Your instructions: Print the records below exactly, from the line containing "ASICS/亚瑟士童装2024年秋季新款男女童运动休闲长袖百搭针织T恤" down to the line containing "母鸡,插画,白色母鸡,红色鸡", both lines included, and omit every picture.

-- Data extract follows --

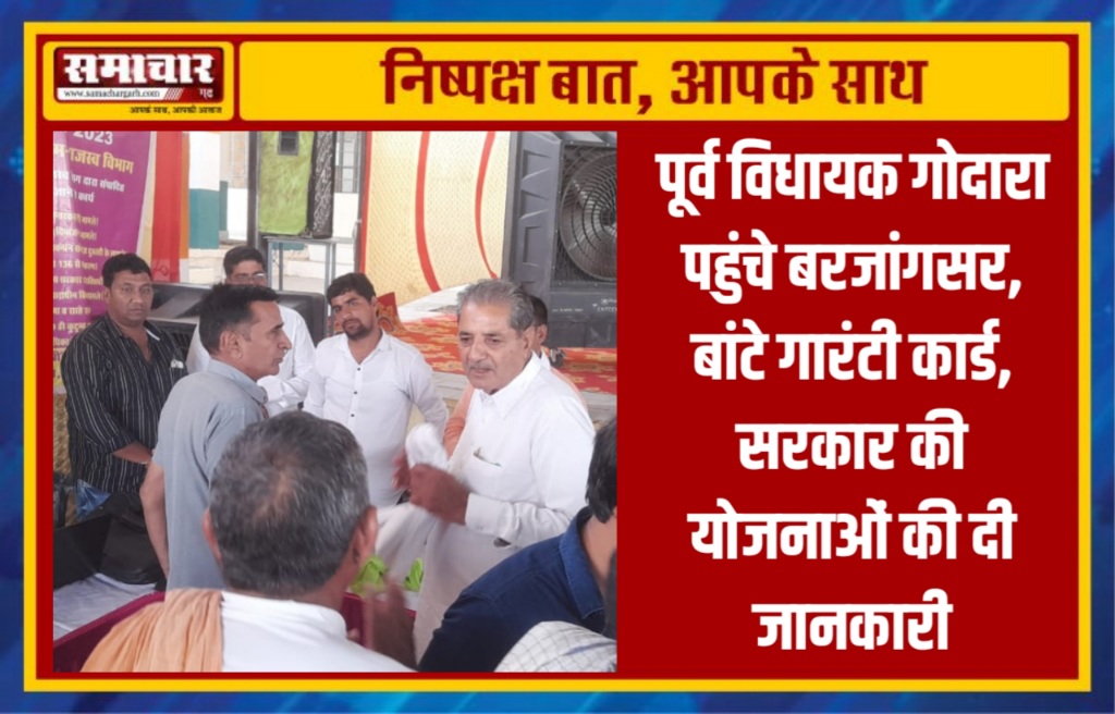 समाचार-गढ़, 12 जून 2023। राजस्थान सरकार द्वारा आमजन को राहत प्रदान करने के लिए महंगाई राहत कैम्प का आयोजन किया जा रहा है पिछले काफी समय से प्रदेश के शहर, कस्बे ओर गांवो में कैम्पों के माध्यम से आमजन को राहत कार्ड दिए जा रहे है। श्रीडूंगरगढ़ में पूर्व विधायक मंगलाराम गोदारा लगातार इन कैम्पों में जाकर आमजन से रूबरू हो रहे है। आज बरजांगसर में गोदारा ने महंगाई राहत केम्प में पहुंचे और गारंटी कार्ड वितरित किये। इस दौरान पूर्व विधायक गोदारा ने गोद भराई भी करवाई। सरकार की जनकल्याणकारी योजनाओं की जानकारी ग्रामीणों को देते हुए सभी को इन योजनाओं से जुड़ने की बात कही। इस दौरान तहसीलदार राजवीर कड़वासरा, सरपंच, सुभाष पूनिया, मीडिया प्रभारी राजेश मंडा सहित अनेक ग्रामीण उपस्थित रहे।
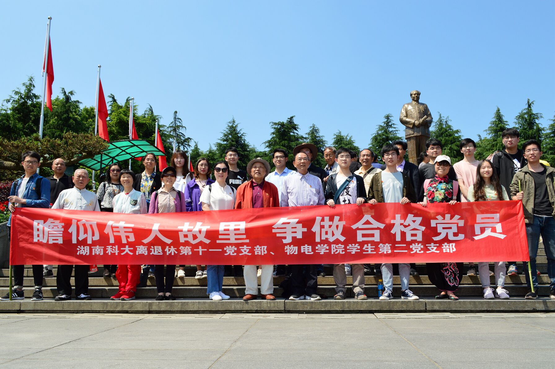 为庆祝中华人民共和国成立70周年,扎实开展“两学一做”教育实践活动,有力推进党组织“五化”建设,5月11日,beat365官方网站组织学生第二党支部与校离退休第十一党支部前往韶山开展主题为“瞻仰伟人故里,争做合格党员”的联合党日活动。
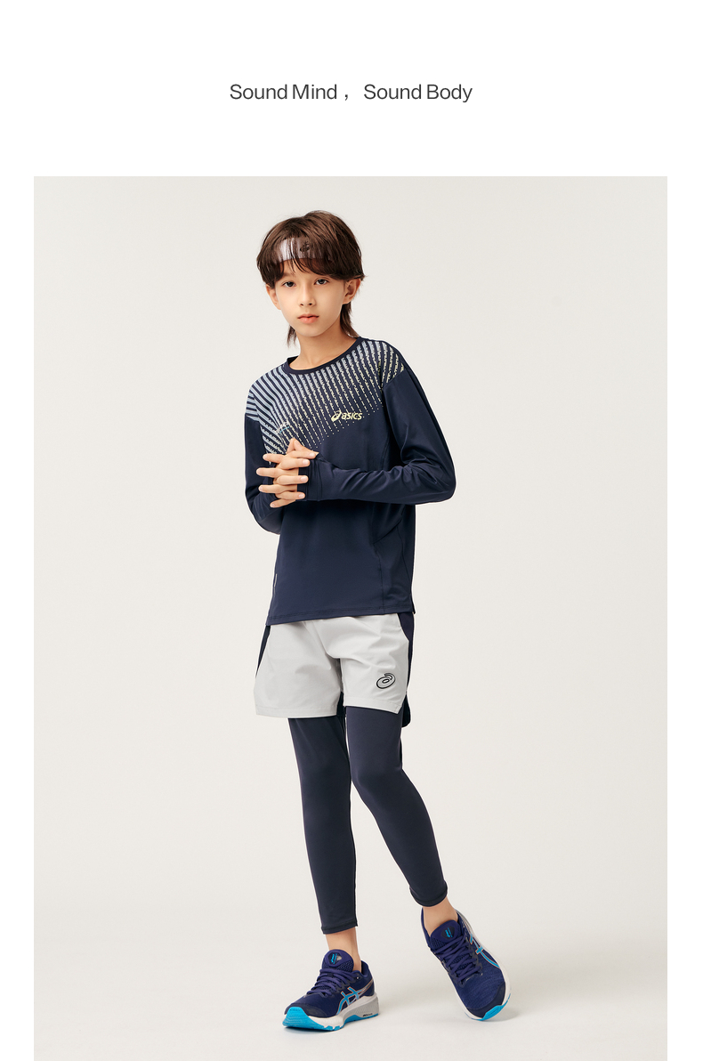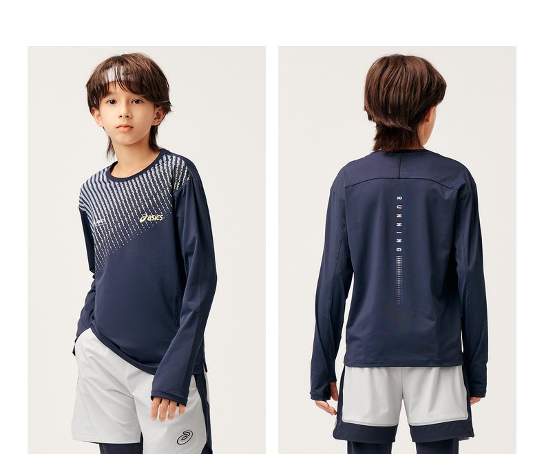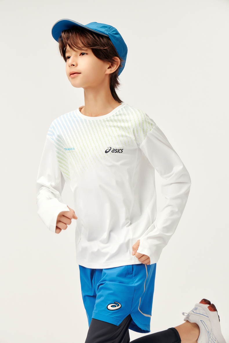 ASICS/亚瑟士童装2024年秋季新款男女童运动休闲长袖百搭针织T恤
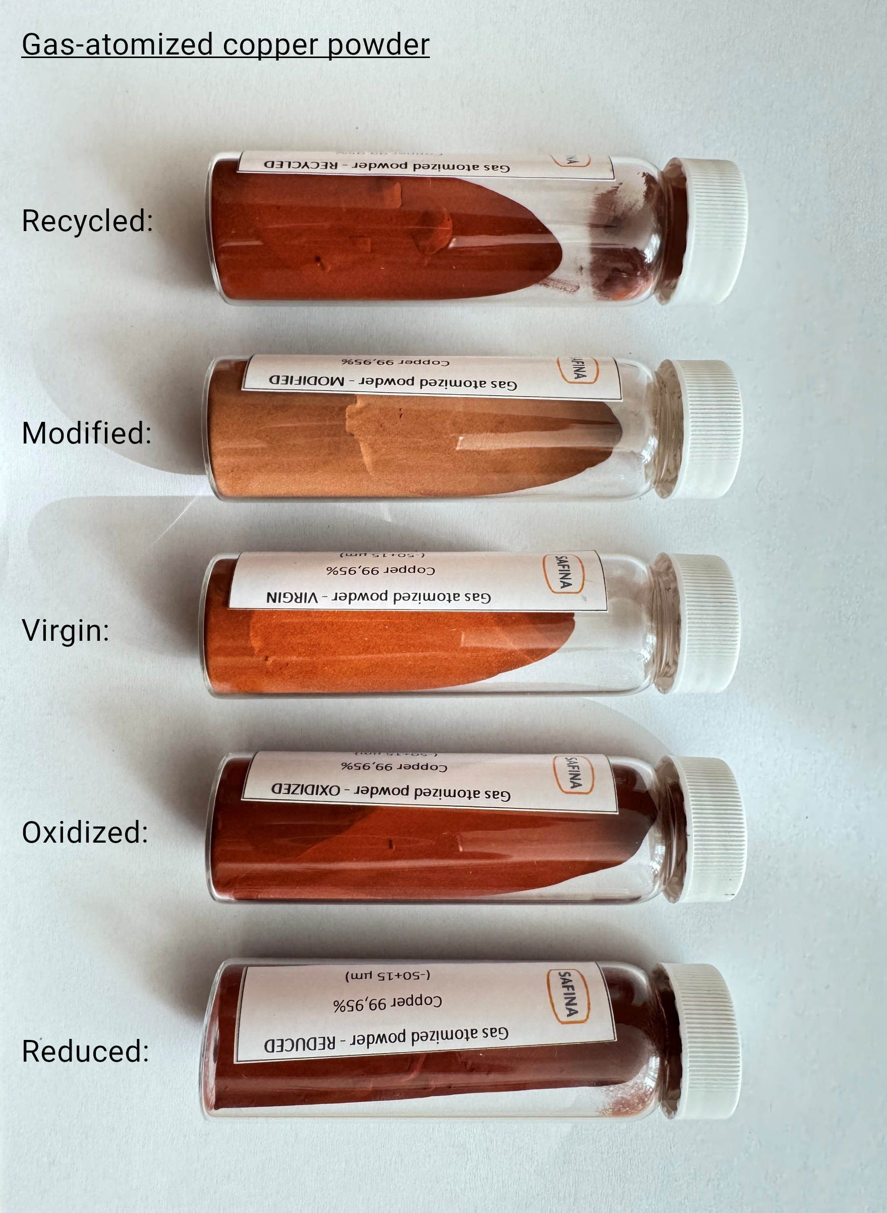 On the material side, a robust process to regenerate oxidised Cu powder was developed. It reduces the oxygen content of used powder by reduction in H2-atmosphere without impacting flowability or process parameters. Preliminary tests with recycled powder showed a comparable dependence of porosity and surface roughness on laser power and scan speed as virgin powder. Also, the effects of surface modification by etching were evaluated. However, absorption improved little, and the process window remained limited. Efforts to produce test samples of metal matrix composites from SiC and Cu failed, though, due to the large density differences and a lack of adequate homogenization.
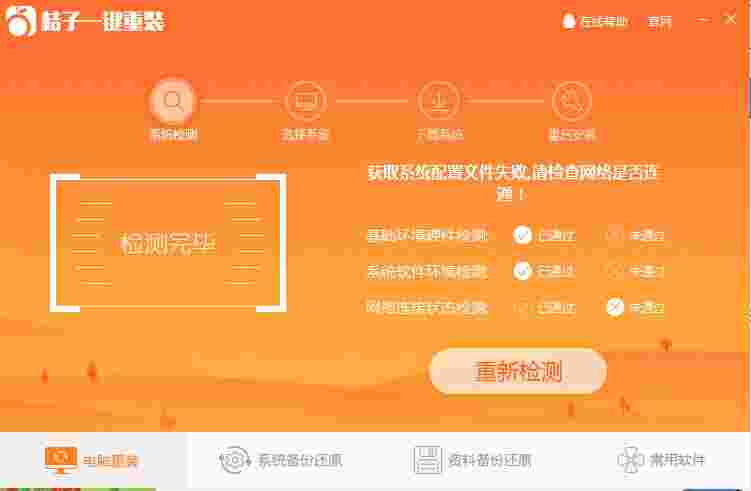 桔子一键重装系统是一款装机必备的系统辅助类工具软件,软件界面设计美观简洁,布局非常直观清晰,小白也可轻松操作。软件支持一键自动备份、重装系统和还原系统一站式服务,无需多余操作。
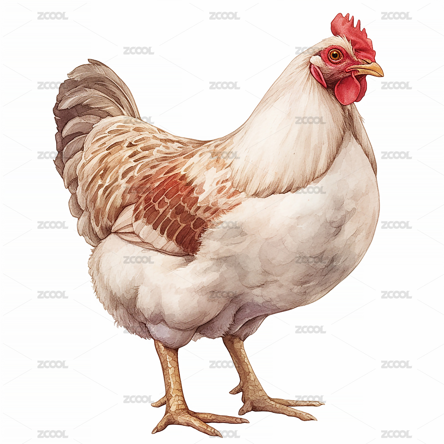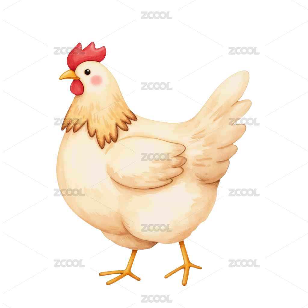 母鸡,插画,白色母鸡,红色鸡冠,肉垂,农场动物,家禽,卡通母鸡,农场插画,可爱动物
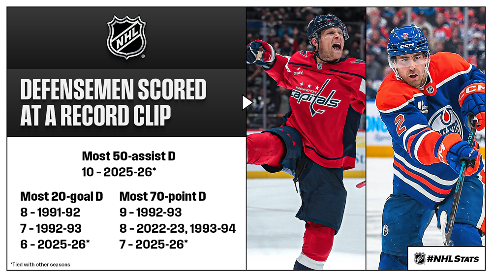 * The list of NHL leaders from the defensive end was a mix of established veterans and newcomers, with Evan Bouchard (EDM) topped all blueliners in assists (74) and points (95) – the second Oilers defenseman to top both lists after Paul Coffey (4x) – while Jakob Chychrun (WSH) had 26 goals (including an NHL record-tying 8 GWG) to finish ahead of second-place Matthew Schaefer (NYI) and pace a group of six 20-goal scorers from the back end – the most the NHL has seen in 32 years.
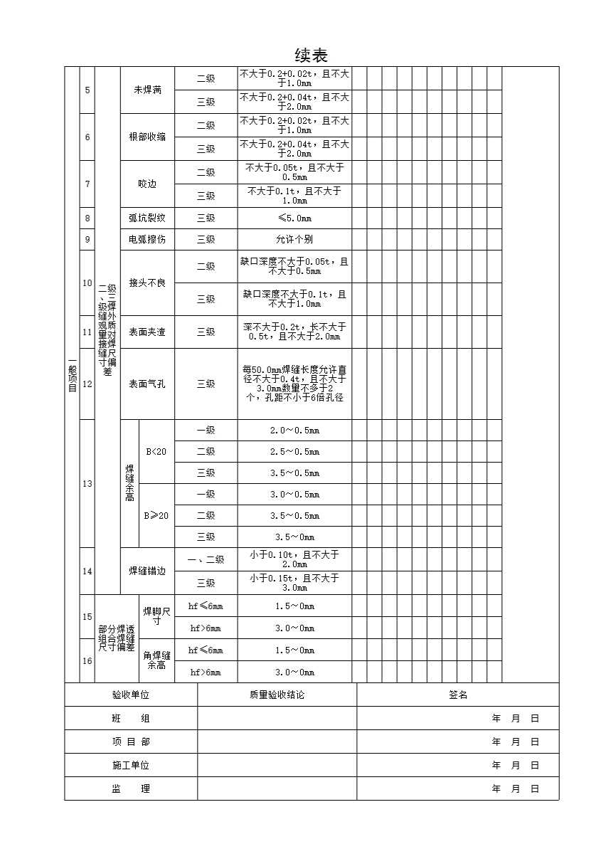 表格名称:QCSG 表 3-6.3.3 钢结构制作(安装)焊接工程检验批质量验收记录表
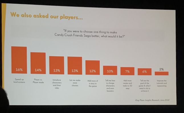 It’s a question John discovered Candy Crush’s players were asking as well. She shared an image of a survey King conducted with 900 or so members of its playerbase and highlights that 13 percent wanted characters and roles introduced in-game and 12 percent all around wanted more of a story in their Candy Crush games.
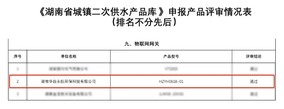日前,3377体育(中国)科技有限公司官网子公司湖南华自永航环保科技有限公司(以下简称“华自永航”)二次供水物联网网关产品通过公示期,正式成为《湖南省城镇二次供水产品库》入库产品。
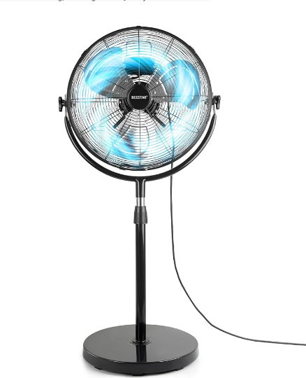 Cyclone Pedestal Fan, Adjustable Height, Remote Control, Timer, 3 Speeds, for Bedroom, Kitchen, Office and Living Room, 18″, White, 1885, Large
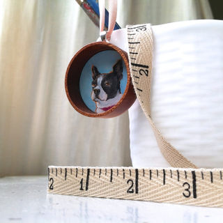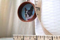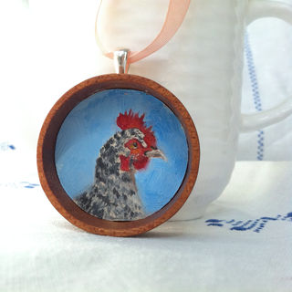 The pendant is 38mm in diameter (about 1.5 inches), half an inch deep, and is inset with an original miniature oil painting of your pet by me, Kathryn Barbosa. (Pictured pendant is an example) A sterling silver bail is attached to the mahogany wood pendant.
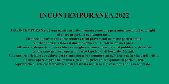 INCONTEMPORANEA 2022 è un format pensato come una presentazione di più cataloghi ed opere, esposte in una mostra, in contemporanea. Un gioco di parole che vuole riunire artisti contemporanei provenienti da molte parti d’Italia che hanno visto i loro cataloghi pubblicati e curati da Silvia Landi e, attraverso una mostra, presentati al pubblico nello stesso momento dell’esposizione al Museo Ugo Guidi di Forte dei Marmi.
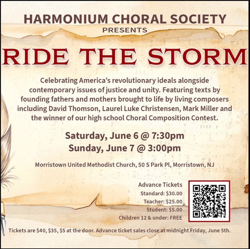 Ride the Storm celebrates America’s revolutionary ideals and today’s pressing questions of identity, justice, and unity. Featuring powerful new settings of texts by Alexander Hamilton, Abigail Adams, Benjamin Franklin, Thomas Paine and Lafayette—brought to life by composers including David Thomson, Melissa Dunphy, Jackson Berkey, Laurel Luke Christensen, Mark Miller and the winning composers of our 29th annual NJ HS Choral Composition Contest.
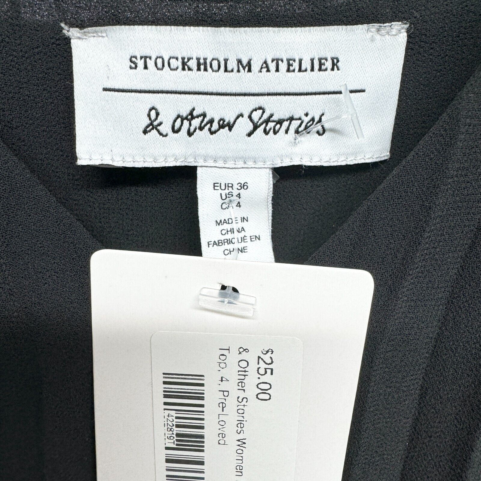 & Other Stories Tank Top Women Size 4 Asymmetrical Chiffon Pleated Black V Neck Fashion, Casual, Elegant, Stylish, Trendy, Lightweight, Feminine, Chic, Flowy, Versatile, Soft, Sleeveless, Summer, Layering, Minimalist, Statement, Evening, Classic, Modern, Breathable

-- Data extract concluded --

Answer section:
 ASICS/亚瑟士童装2024年秋季新款男女童运动休闲长袖百搭针织T恤
 On the material side, a robust process to regenerate oxidised Cu powder was developed. It reduces the oxygen content of used powder by reduction in H2-atmosphere without impacting flowability or process parameters. Preliminary tests with recycled powder showed a comparable dependence of porosity and surface roughness on laser power and scan speed as virgin powder. Also, the effects of surface modification by etching were evaluated. However, absorption improved little, and the process window remained limited. Efforts to produce test samples of metal matrix composites from SiC and Cu failed, though, due to the large density differences and a lack of adequate homogenization.
 桔子一键重装系统是一款装机必备的系统辅助类工具软件,软件界面设计美观简洁,布局非常直观清晰,小白也可轻松操作。软件支持一键自动备份、重装系统和还原系统一站式服务,无需多余操作。
 母鸡,插画,白色母鸡,红色鸡冠,肉垂,农场动物,家禽,卡通母鸡,农场插画,可爱动物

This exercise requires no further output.